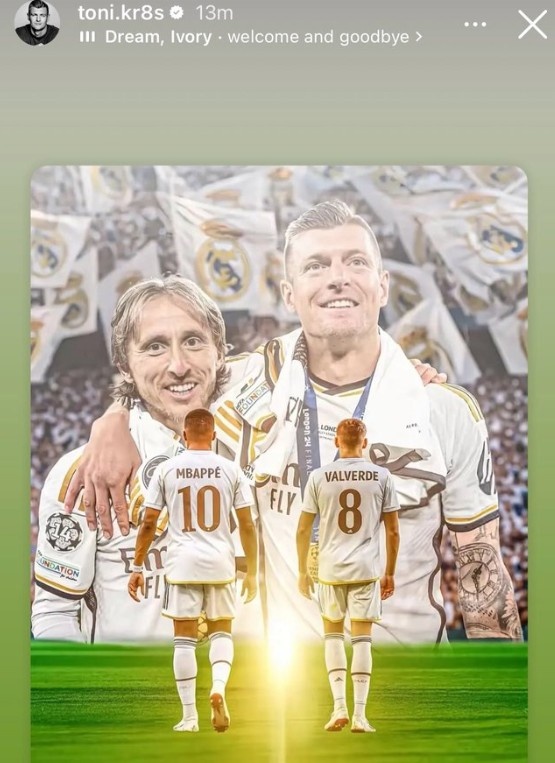 在酬酢媒体上,克罗斯晒出了我方和莫德里奇、姆巴佩和巴尔韦德的殊效合成图,并写说念:梦思和荣耀,接待和告别!
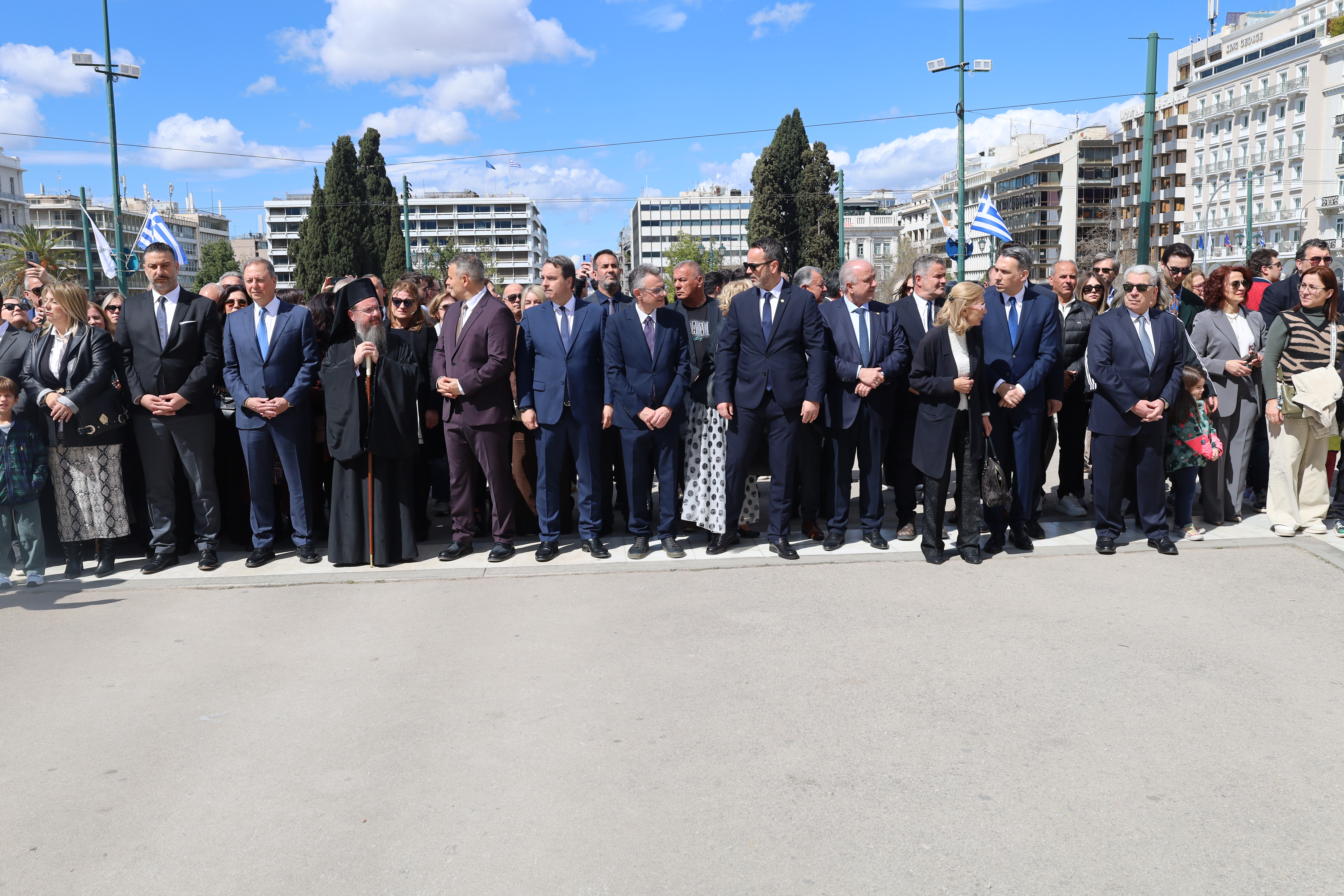 Η σημερινή σύναξη στον Μητροπολιτικό Ναό των Αθηνών αποτελεί ζωντανή μαρτυρία αυτής της ενότητας. Εκκλησία και Πολιτεία, ποιμένες και λαός, ενωμένοι σε μία κοινή προσευχή και μία κοινή μνήμη. Εδώ, στον ιερό αυτό χώρο, συναντώνται το παρελθόν με το παρόν, η θυσία με την ευθύνη, η μνήμη με την ελπίδα».
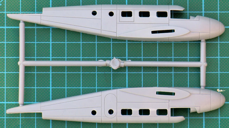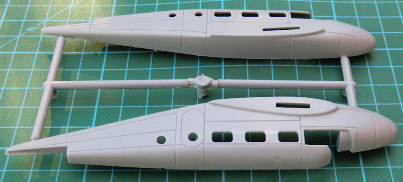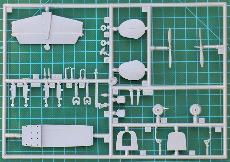 Hierbei handelt es sich um einen recht einfachen Bausatz. Er besteht nur aus wenigen Teilen und der Aufbau ist simpel. Er besitzt grobe negative Strukturen. Die Motoren verdienen diese Bezeichnung im Kit leider nicht. Zum Glück gibt es hier den Zubehörmarkt. Auch die Fahrwerksschächte sind stark vereinfacht. Dafür gibt es aber für das Cockpit und die Passagierkabine einige Teile. Immerhin sind das die Steuerhörner und die Sitze für Piloten und Copiloten.
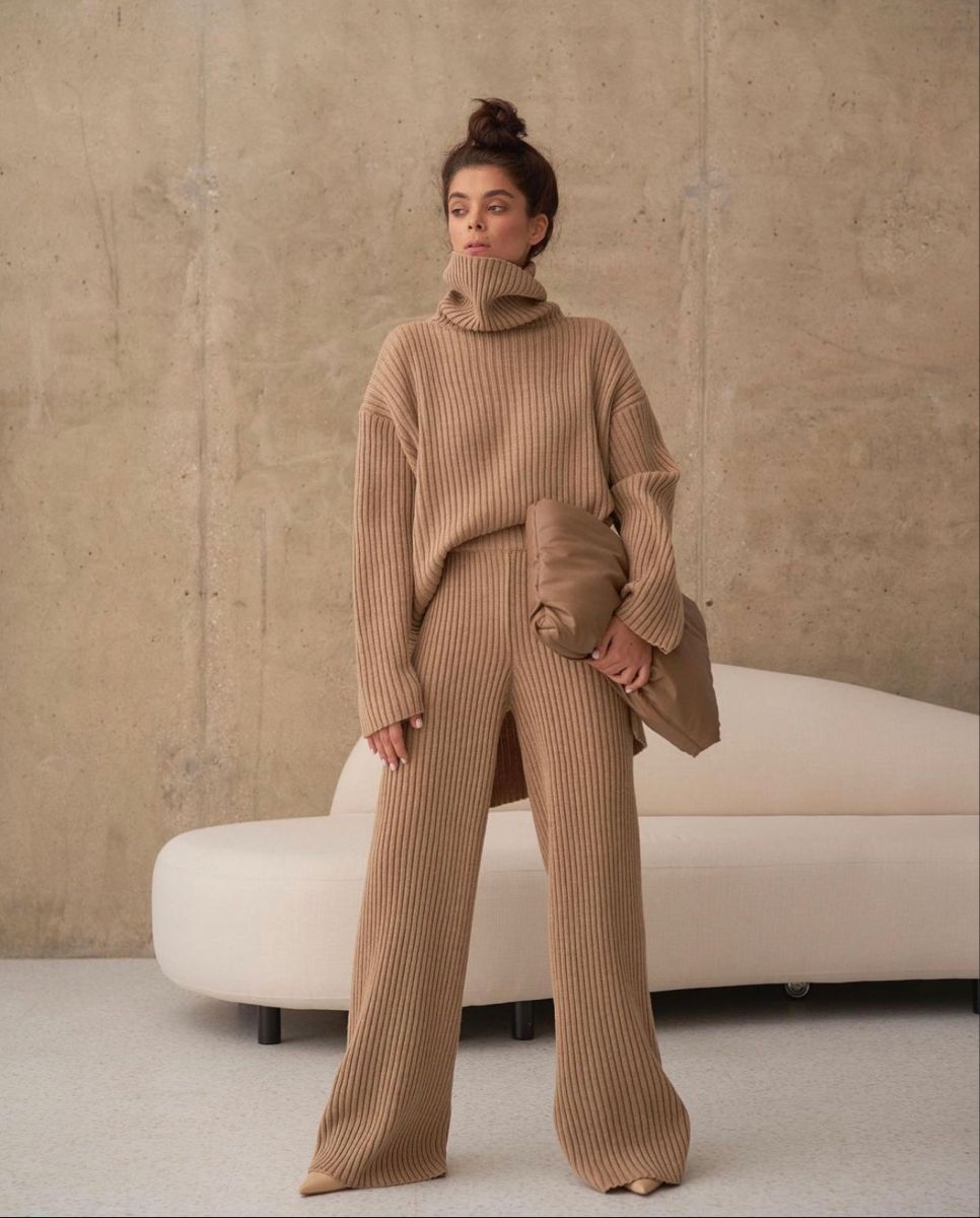 Трикотажні костюми зовсім не обов'язково повинні складатися з штанів та джемпера. У нових колекціях дизайнери пропонують варіанти з подовженими светрами із високим горлом. Таку теплу та затишну річ ви не захочете знімати всю зиму. Орім того, ви зможете обрати ширину та довжину светра та штанів.

WORK REQUIRED
Word for word, output the lines from the beginning of the listing through the line holding "Η σημερινή σύναξη" and nothing beyond them. Omit the pictures.

TASK RESULT
 在酬酢媒体上,克罗斯晒出了我方和莫德里奇、姆巴佩和巴尔韦德的殊效合成图,并写说念:梦思和荣耀,接待和告别!
 Η σημερινή σύναξη στον Μητροπολιτικό Ναό των Αθηνών αποτελεί ζωντανή μαρτυρία αυτής της ενότητας. Εκκλησία και Πολιτεία, ποιμένες και λαός, ενωμένοι σε μία κοινή προσευχή και μία κοινή μνήμη. Εδώ, στον ιερό αυτό χώρο, συναντώνται το παρελθόν με το παρόν, η θυσία με την ευθύνη, η μνήμη με την ελπίδα».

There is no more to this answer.